Getting To Outcomes® was specifically designed to bridge this gap and help any agency, school, or community coalition interested in improving the quality of their programs aimed at preventing or reducing a range of negative activities among youth. It is both a model ("a fabulous cookbook for someone who's never done outcomes evaluation before") for carrying out prevention programming with quality, and a support intervention aimed at enhancing practitioners' capacity. Initially focused on drug prevention, GTO has been used extensively to address a wide range of issues, ranging from teen pregnancy prevention to mental illness prevention and early intervention. By building community capacity, GTO directly supports communities in improving their own health.
More broadly, the RAND Drug Policy Research Center has conducted research since 1989 to help decisionmakers in the United States and throughout the world address issues involving alcohol and other drugs. The center conducts policy research on a wide range of drug topics, with recent studies examining the potential effects of legalizing recreational marijuana, estimates of illegal drug consumption and user expenditures, and helping opiate users get the help they need.
One recent effort examined the 24/7 Sobriety Program in South Dakota, which started as a pilot in 2005. Researchers found that the program requiring alcohol-involved offenders to abstain from alcohol and submit to frequent alcohol tests was associated with a 4 percent drop in deaths at the county level. The associations were most evident among causes of death associated with excessive alcohol use, such as circulatory conditions. Nearly 17,000 individuals — nearly 3 percent of the state's adult population — participated in the 24/7 program between January 2005 and June 2011. A previous RAND study found that the 24/7 program reduced county-level repeat DUI arrests by 12 percent and domestic violence arrests by 9 percent.
Sexual behaviors such as having unprotected sex put individuals at risk of contracting sexually transmitted diseases and HIV. A large body of RAND's work has focused on the serious epidemic of HIV among homeless people, where rates of infection are estimated to be three times higher than in the general population.
Many studies aim to understand how a person's social network correlates to risky sexual behavior.
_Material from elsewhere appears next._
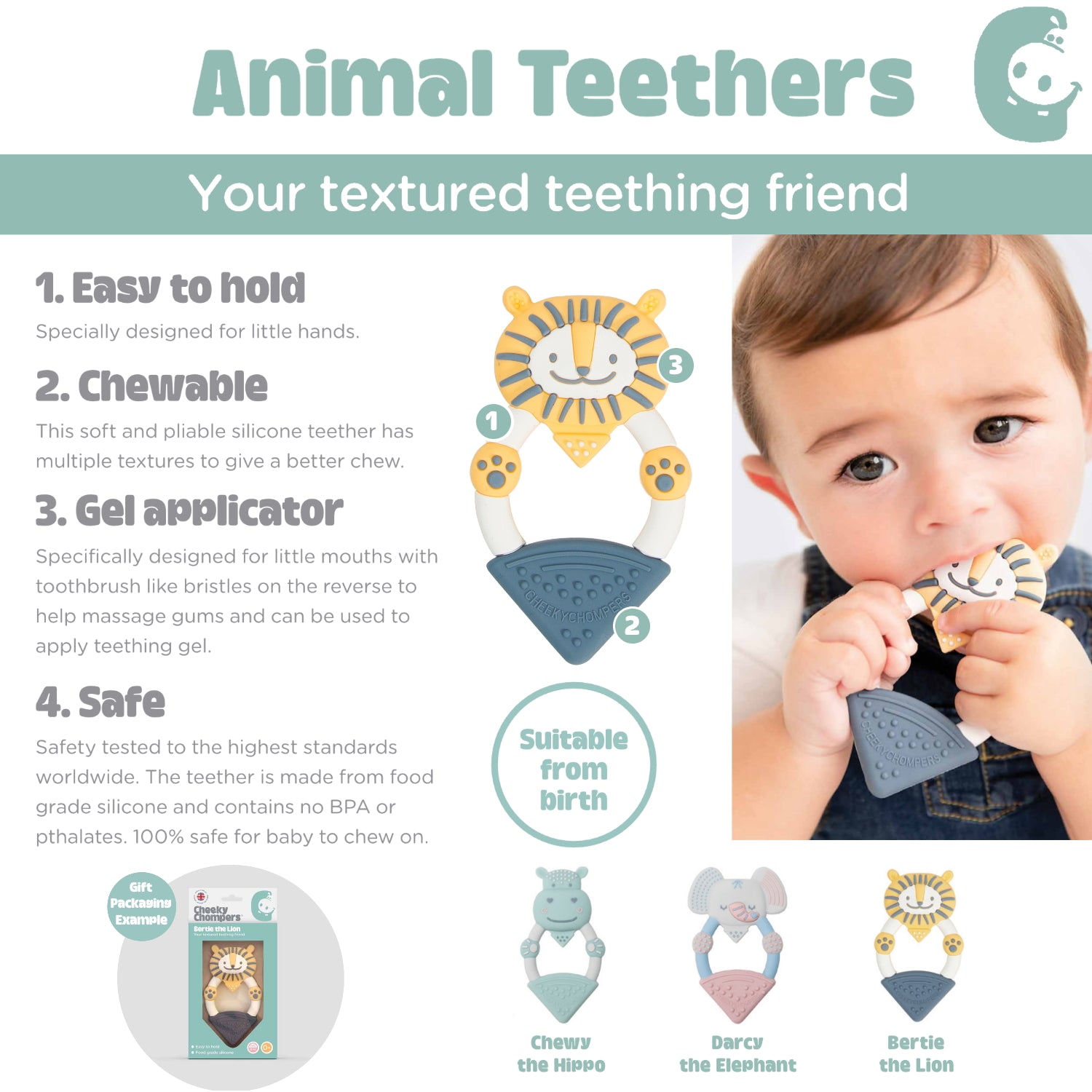 This cute, soft and pliable silicone teether is perfect for young gums to chew on, and designed specially for little hands so it's light and easy for your baby to hold and chew.

One report in Los Angeles County found that young homeless men who had sex with other men were more likely to have safe sex and fewer sex partners if their networks included platonic peers who regularly attended school. They also had fewer sex partners if most in their network were not heavy drinkers. Similarly, a study of sexually transmitted infections in Mississippi found that people whose partners are incarcerated or substance users are more at risk of disease.
How a person's social networks view HIV also matters. For example, stigma appears to be related to less adherence to medication regimens among African Americans living with HIV. Another study found that internalized stigma may play a role in whether and to whom African Americans revealed their HIV serostatus, with trusted network members, friends who were also HIV-positive, and sex partners more likely to know the person's HIV status.
Medical mistrust among African-American males with HIV also predicts lower medication adherence and may help to explain disparities in adherence rates (as well as related HIV health outcomes) between African-Americans and other racial/ethnic groups. Conversely, a study of homeless men in Los Angeles found that just having access to medical services largely predicts whether a person gets tested for HIV. This suggests that programs encouraging general medical service access may be important for disseminating HIV testing services to this high-risk, vulnerable population.
Our research also aims to help people with HIV who want to have children to do so safely. Based on our research in both Uganda and Los Angeles County, HIV providers need training to better counsel patients, and patients need more educational tools informing them of the risks, challenges, and options available to safely conceive an HIV-negative child.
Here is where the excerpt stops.